Understanding classification of market regimes is fairly important in finance. It all comes down to correctly predicting the way prices are going to move. But prediction isn’t the only crucial thing; knowing how to describe what has already happened is also of great importance.
In this QuantDare post we look at types of classification of markets. We concentrate on their differences and suggest possible data science techniques to achieve them.
Future Prediction vs Past Description
First, we must determine the nature of our problem. The classification of markets can be broken down in two:
- Future prediction
- Past description
When faced with prediction in finance, you can only use past information available up to, and not including, the period you wish to predict. This is ensured after implementing a strategy in real-time but it is critical in backtesting when it can often be hard to avoid and easily forgotten.
With past description, you can use all the data available to define historical markets. This difference may seem obvious but it is surprising how often the two are misidentified.
The final aim is usually to accurately predict market movements. But before predicting something, you have to be very clear of the possible outcomes. And only then can you choose an appropriate Machine Learning algorithm.
Also, we have to consider that the type of past description affects how easy it could be to carry out the future prediction. This makes defining past market regimes even more important.
Known vs Unknown Regime Definitions
Defining historical markets isn’t trivial. There are lots of decisions to make. First, we’re going to split past description into two cases:
- Well-defined regimes
- Undefined regimes
What do we mean? In classification our classes have names but they may not tell us anything about the regime itself. Compare these two cases:
Both depict classifications of the S&P 500 Price Index. The first has two “known” classes: up trends and down trends. Each class is clearly defined and we know how to act in each case.

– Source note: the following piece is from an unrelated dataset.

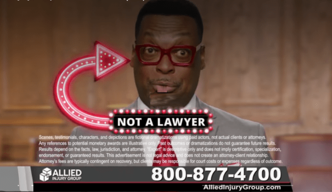 Last year, almost a year ago, I posted this commentary about the Allied Injury Group’s TV ad that embodied all of the horrors the legal profession used for a century to ban lawyer marketing and advertising (thus forgetting about the First Amendment thingy, you know, just like today’s progressives..). In the process, I managed to make an unethical mistake, mislabeling the slimy law firm involved and calling it the Allied Law Group, a non-slimy law firm that was none too pleased. I apologized profusely to the representative of that firm who called to ream me out and made the correction pronto.

The second has 6 “unknown” classes: Regimes 0 to 5. The days assigned to the same market regime have similar characteristics but it isn’t clear what each one represents or the differences between them. Without further investigation, we wouldn’t immediately know how to act.
Let’s delve further into these two cases.
Although these types of regimes have clear definitions, you still have to choose the number of classes you want to divide the series into. For example:
- 2 classes: Up vs Down
- 3 classes: Up, Down, Lateral
- Multiple: Discrete scale from Up to Down
And the choices don’t stop there. When using 3 classes there are multiple options for defining up, down or lateral markets when using daily returns. A possibility is to use positive, negative or zero returns for the classes. Another could be to use certain limits to define the classes: >1%, <-1% and -1%≤r≤1% (or asymmetric limits).
In any case, defining every daily movement isn’t that useful. Market regimes are more long-term, persistent states that can be utilised for making investments or trading decisions. Today’s market regime does not depend solely on what happens today but also on the days preceding and succeeding it.
We could use the direction and magnitude of centred averages over various days to define the market. Although measuring a static duration before and after may be too simplistic. The regime depends also on the magnitude and sequence of the movements. One idea is to include the price evolution.
We use an algorithm that separates the series according to the magnitude of its movements in one direction or another. We could choose smaller or larger limits to regulate the sensitivity and achieve more or less trend changes:
An issue here is choosing an appropriate magnitude. The desired regimes depend on circumstance and point of view. A clear up and then down trend to one person may be a lateral market for another.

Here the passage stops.